%%

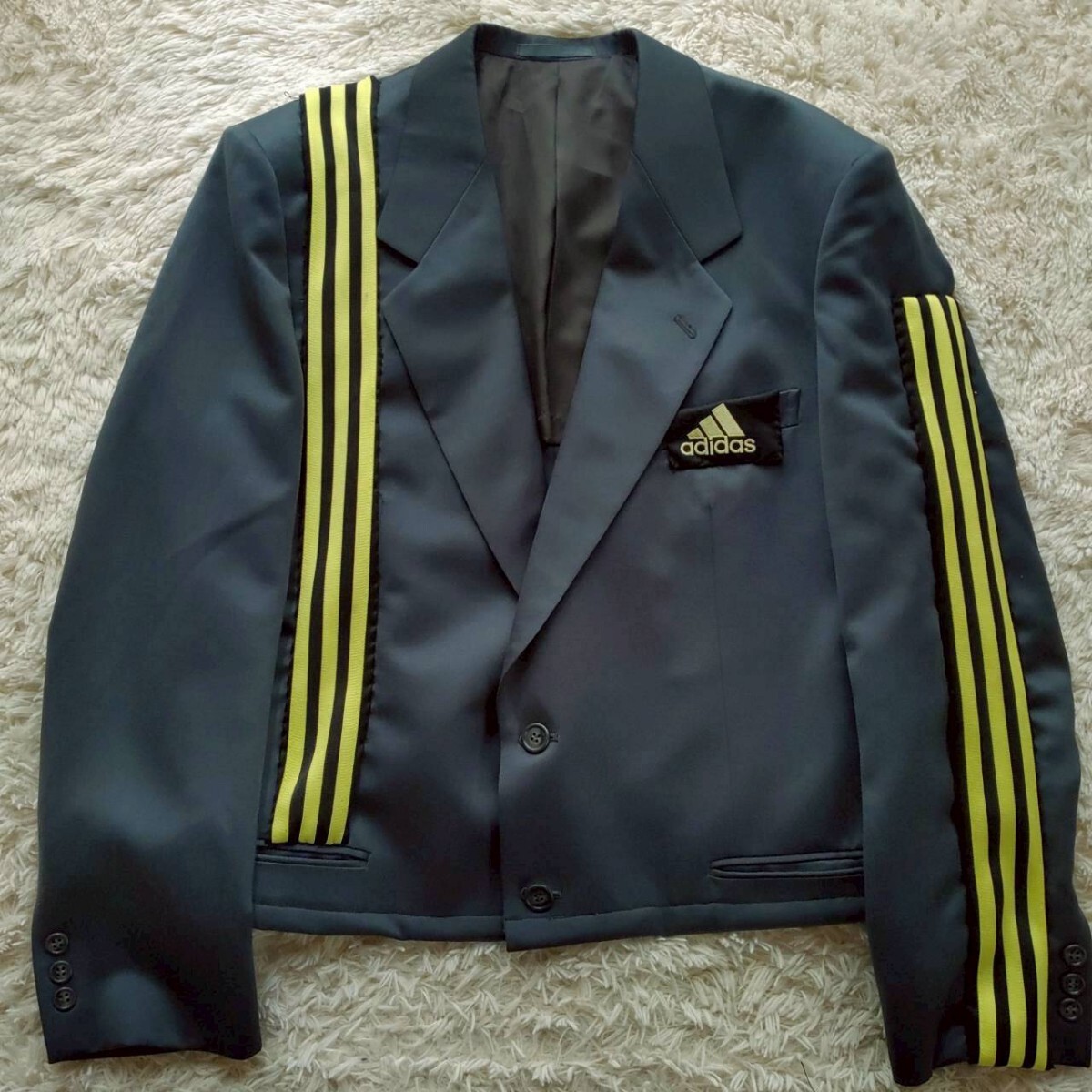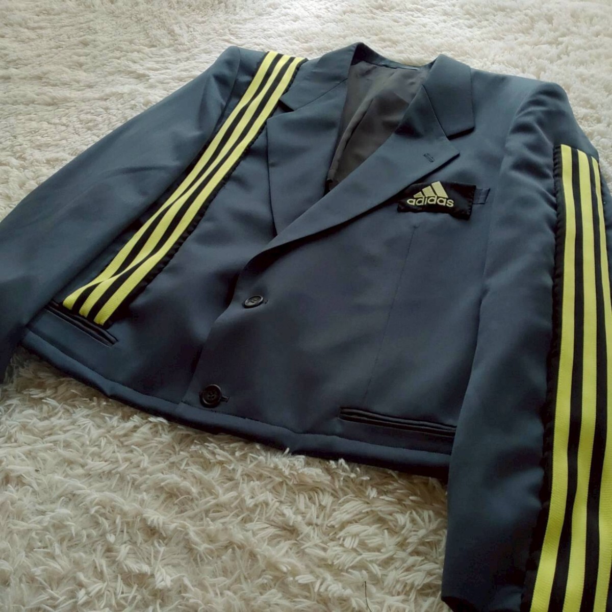 Remake adidas×Suits アデイダス ジャージ リメイク 再構築 ドッキング 短丈 テーラードジャケット スーツ セットアップ 上下 トラックジャケット 結婚式 成人式 モード系 Y2K
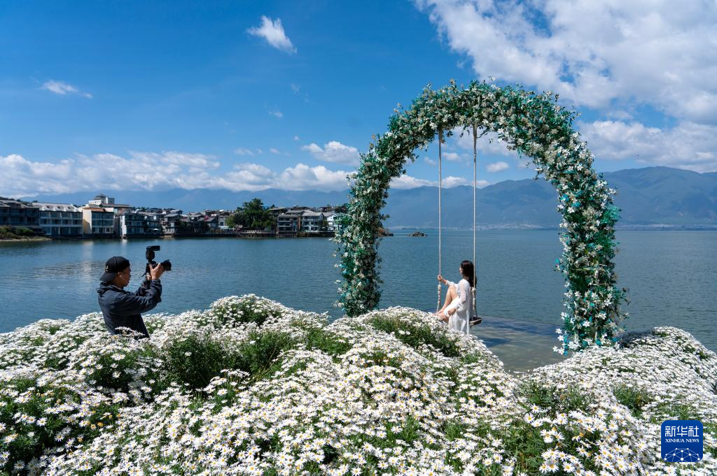 4月22日,一名游客在大理双廊古镇打卡拍照。
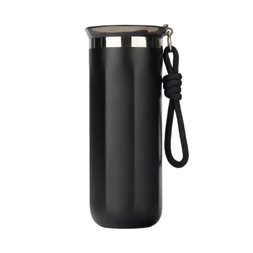 Introducing the Powder Coated Stainless Steel Coffee Cup with Strap Lid. Crafted from food-grade stainless steel with double-wall vacuum insulation, it keeps drinks hot or cold for hours. The cup mouth switch can be opened by sliding, with a convenient flip straw perfect for travel. It includes a sturdy carrying strap and fits most car cup holders. Available for customization via laser engraving, UV printing, or UV DTF, this trendy tumbler is the ideal choice for daily commuting.
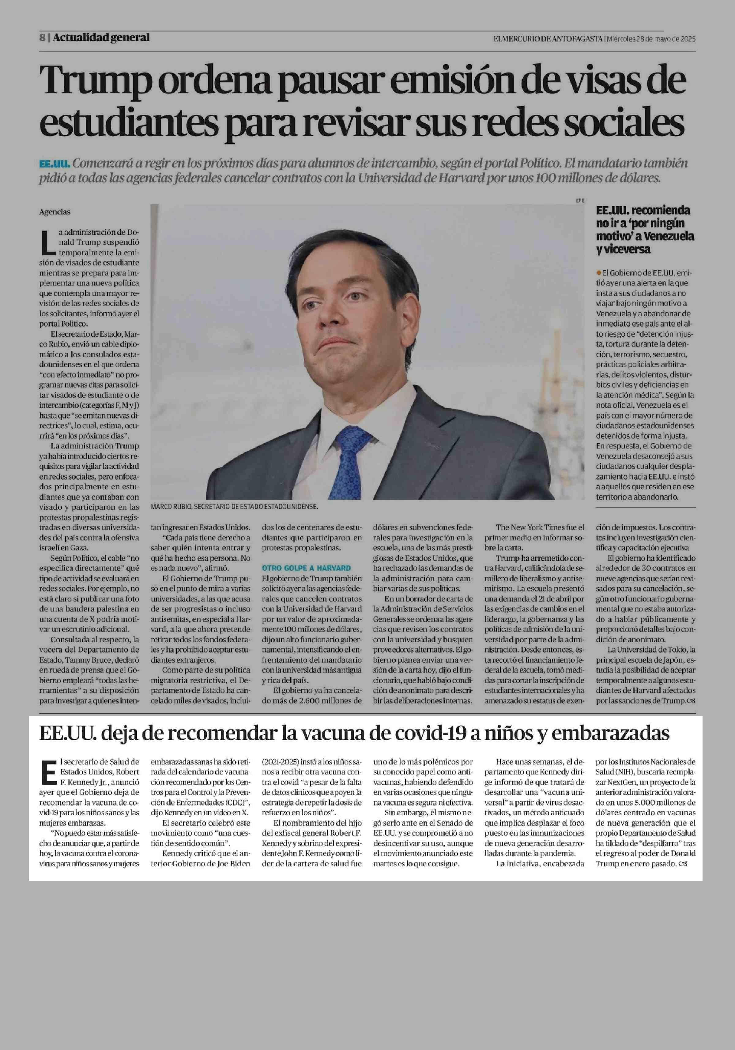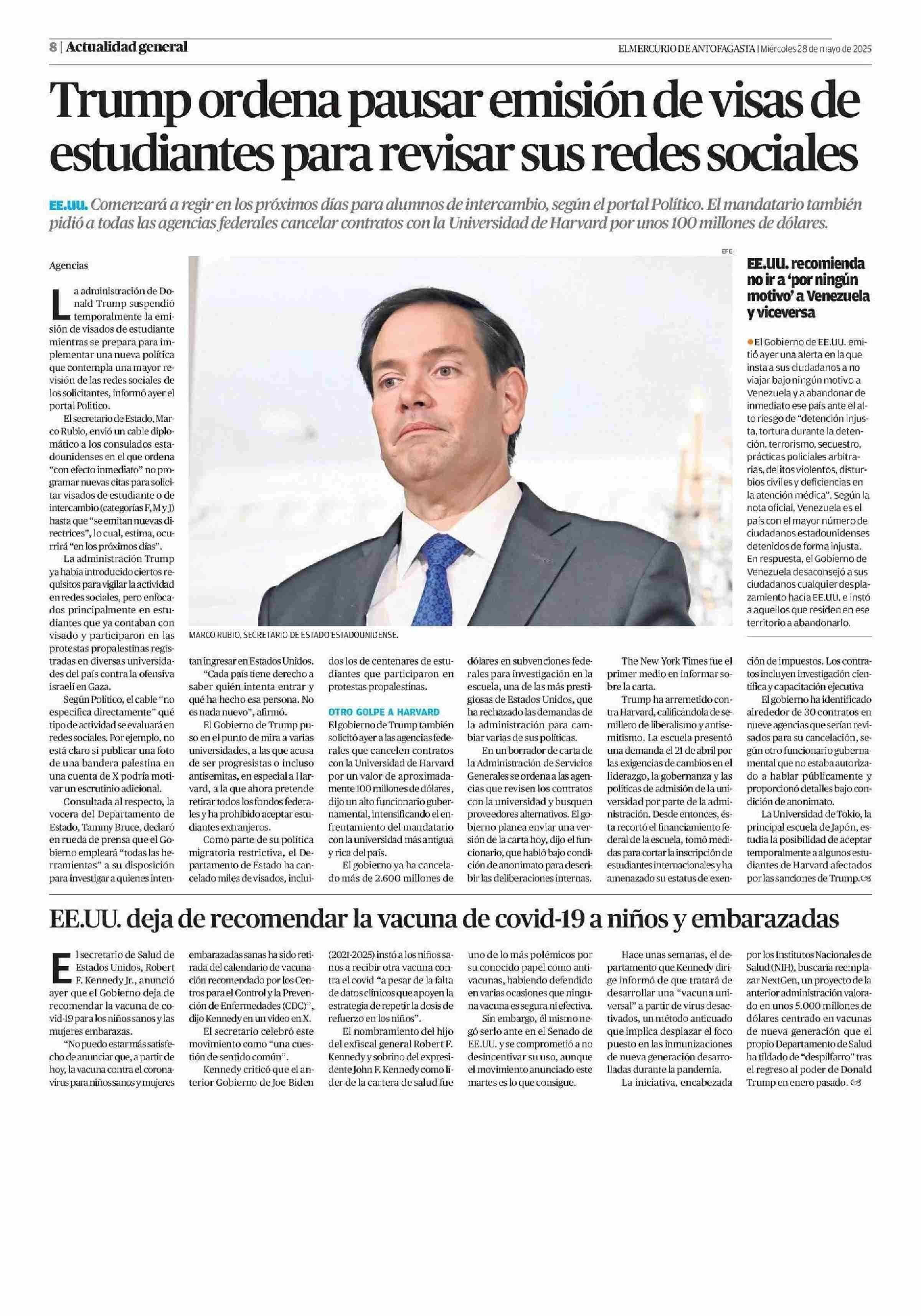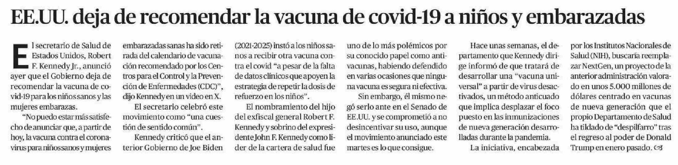EE.UU. deja de recomendar la vacuna de covid-19 a niños y embarazadas 28-05-2025 El Mercurio de Antofagasta |

%%

[EXERCISE GOAL] Copy the listing exactly. Leave the pictures out.

[SOLUTION TO THIS TASK]
 Remake adidas×Suits アデイダス ジャージ リメイク 再構築 ドッキング 短丈 テーラードジャケット スーツ セットアップ 上下 トラックジャケット 結婚式 成人式 モード系 Y2K
 4月22日,一名游客在大理双廊古镇打卡拍照。
 Introducing the Powder Coated Stainless Steel Coffee Cup with Strap Lid. Crafted from food-grade stainless steel with double-wall vacuum insulation, it keeps drinks hot or cold for hours. The cup mouth switch can be opened by sliding, with a convenient flip straw perfect for travel. It includes a sturdy carrying strap and fits most car cup holders. Available for customization via laser engraving, UV printing, or UV DTF, this trendy tumbler is the ideal choice for daily commuting.
EE.UU. deja de recomendar la vacuna de covid-19 a niños y embarazadas 28-05-2025 El Mercurio de Antofagasta |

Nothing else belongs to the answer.